Dr. Craig: No! And yet he is perfectly rational to believe in the resurrection of Christ because of a personal relationship with the risen Lord himself. So John says in his epistle that, “If we received the testimony of men, the testimony of God is greater. . . . He who believes in the Son of God has the testimony in himself.” [2] There John is talking about that inner testimony of the Holy Spirit. He says if we receive the testimony of men (that apostolic testimony) to these events, how much greater is the inner testimony of God himself to his Son. So while these arguments and evidences are not necessary for belief to be rational, indeed I think obligatory, nevertheless they are sufficient. I would say something similar about the passage in Luke. It is not necessary to have the evidence for the resurrection in order to believe that Jesus has risen. Most Christians down through history haven’t had the benefit of being able to do an historical investigation of the evidence for the resurrection. Nevertheless they rationally believed on the basis of the Scriptures and their experience with Christ.

Kevin Harris: In light of what you are saying here, it seems that perhaps there are different eras that need more intellectual stimulation or more intellectual argument. [3] Like in the first century, there seemed to be a lot of apologetic work, and in our century there seems to be a lot of necessity of work in this area. Maybe in other centuries not so much? Francis Schaeffer, for instance, said we are about to enter that time when pre-evangelism (that is, apologetics) are going to be more necessary when perhaps before World War II not so much.

Dr. Craig: I think you are making a good point in that a person who is raised in a cultural milieu which is shaped by Christian values is going to be open to the Gospel in a way that a person who is thoroughly secularized will not. When you speak on a university campus in Europe, the prevailing conviction is so secular and so deeply anti-Christian that it is difficult to even get a hearing. Whereas in the United States for the most part Christianity can be still heard as an intellectually plausible option for folks today. So it will be true, I think Kevin, that in certain cultural contexts one’s preaching of the Gospel will be more effective if it is coupled with some sort of intellectual defense of the faith.

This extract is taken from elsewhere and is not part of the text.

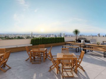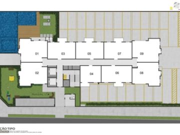 O prédio terá: piscinas adulto e infantil, deck molhado, ofurô, salão de festas, playground, lazer na cobertura com linda vista panorâmica do bairro c/ churrasqueira e solário, portão automático p/ pedestre e outro p/ veículo.

Kevin Harris: Let’s conclude then just by looking briefly at the first passage that he brought up, and that is if they do not listen to Moses and the prophets neither will they be persuaded if someone should rise from the dead. Let’s put that in context a little bit. I don’t see how that mitigates against arguing for the resurrection like Paul did.

Dr. Craig: Exactly. It most certainly did.

Kevin Harris: It just seems to me it is saying if you are faithful with what you are given you will be given more. But if you are not faithful with what you are given, even that will be taken from you. That is true in relationships and in business and practically anything. I don’t see the point here of how this passage would point to not arguing for the resurrection.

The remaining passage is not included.